Solveig is now ‘a middle-aged woman, fair-haired and comely’. She  sits outside her cabin, spinning and singing, still believing that one day Peer will return to be with her. Her song is sorrowful in tone, although the airy chorus of vocalise appended to each of the two verses reflects her enduring hope that a reunion will happen. ‘One day you will come,’ she sings. ‘I know that in my heart.’ The song ‘reveals Solveig’s character,’ Grieg commented. ‘A folk-song style must be preserved throughout.’ 

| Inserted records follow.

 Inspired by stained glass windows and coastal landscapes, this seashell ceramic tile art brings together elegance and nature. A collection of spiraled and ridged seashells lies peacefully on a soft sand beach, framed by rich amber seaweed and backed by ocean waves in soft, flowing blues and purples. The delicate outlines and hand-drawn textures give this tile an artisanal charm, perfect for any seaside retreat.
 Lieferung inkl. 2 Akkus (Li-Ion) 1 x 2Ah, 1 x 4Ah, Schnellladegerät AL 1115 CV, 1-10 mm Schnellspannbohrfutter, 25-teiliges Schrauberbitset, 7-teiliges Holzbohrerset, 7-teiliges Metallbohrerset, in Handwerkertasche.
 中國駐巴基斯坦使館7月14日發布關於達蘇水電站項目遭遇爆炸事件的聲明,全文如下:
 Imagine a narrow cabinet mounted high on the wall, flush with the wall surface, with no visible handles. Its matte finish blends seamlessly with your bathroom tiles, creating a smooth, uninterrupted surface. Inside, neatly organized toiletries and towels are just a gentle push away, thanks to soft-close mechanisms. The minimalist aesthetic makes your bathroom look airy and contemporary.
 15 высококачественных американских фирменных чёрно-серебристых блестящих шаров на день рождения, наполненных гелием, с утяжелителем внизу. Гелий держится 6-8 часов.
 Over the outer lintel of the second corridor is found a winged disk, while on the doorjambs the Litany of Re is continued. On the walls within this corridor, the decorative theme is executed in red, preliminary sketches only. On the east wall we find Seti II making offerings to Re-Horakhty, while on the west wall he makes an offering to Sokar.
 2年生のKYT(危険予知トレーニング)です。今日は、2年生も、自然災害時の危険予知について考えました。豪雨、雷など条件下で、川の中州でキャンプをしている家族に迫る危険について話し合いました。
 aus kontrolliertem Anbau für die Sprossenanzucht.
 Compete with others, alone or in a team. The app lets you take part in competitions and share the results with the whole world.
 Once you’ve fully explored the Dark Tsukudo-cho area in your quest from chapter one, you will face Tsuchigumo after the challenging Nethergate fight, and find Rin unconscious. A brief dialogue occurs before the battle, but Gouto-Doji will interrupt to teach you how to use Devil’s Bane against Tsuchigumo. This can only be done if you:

Mikko Franck conducts the Orchestre Philharmonique de Radio France in 'Solveig' Song'

Peer Gynt’s Homecoming

Finally, Peer, ‘a sturdy old man with ice-grey hair and beard’, returns to his native Norway. As though to symbolise the turbulent life that he has led, a storm is raging as his ship approaches the coast. Shrieking woodwind and thwacks of timpani evoke the howling gale and waves crashing, with dramatic contrasts of dynamic. ‘Every crescendo and diminuendo must be strongly emphasised,’ Grieg recommended, ‘and the tempo must be very agitated.’ 

Solveig’s Cradle Song

Peer surveys the detritus of his life and realises he is a ‘lost’ individual whose sins are ‘numbered in wild throngs’. He encounters Solveig, who is now almost blind. Peer is racked with guilt, but she assures him that he has done her no wrong. As Peer buries his head in her lap and the sun rises, Solveig begins a moving lullaby of comfort and absolution, with an offstage choir assisting – ‘a poetic effect using simple means’, as Grieg put it. ‘I will rock you and awake you,’ Solveig sings. ‘So sleep and dream, my own dear boy.’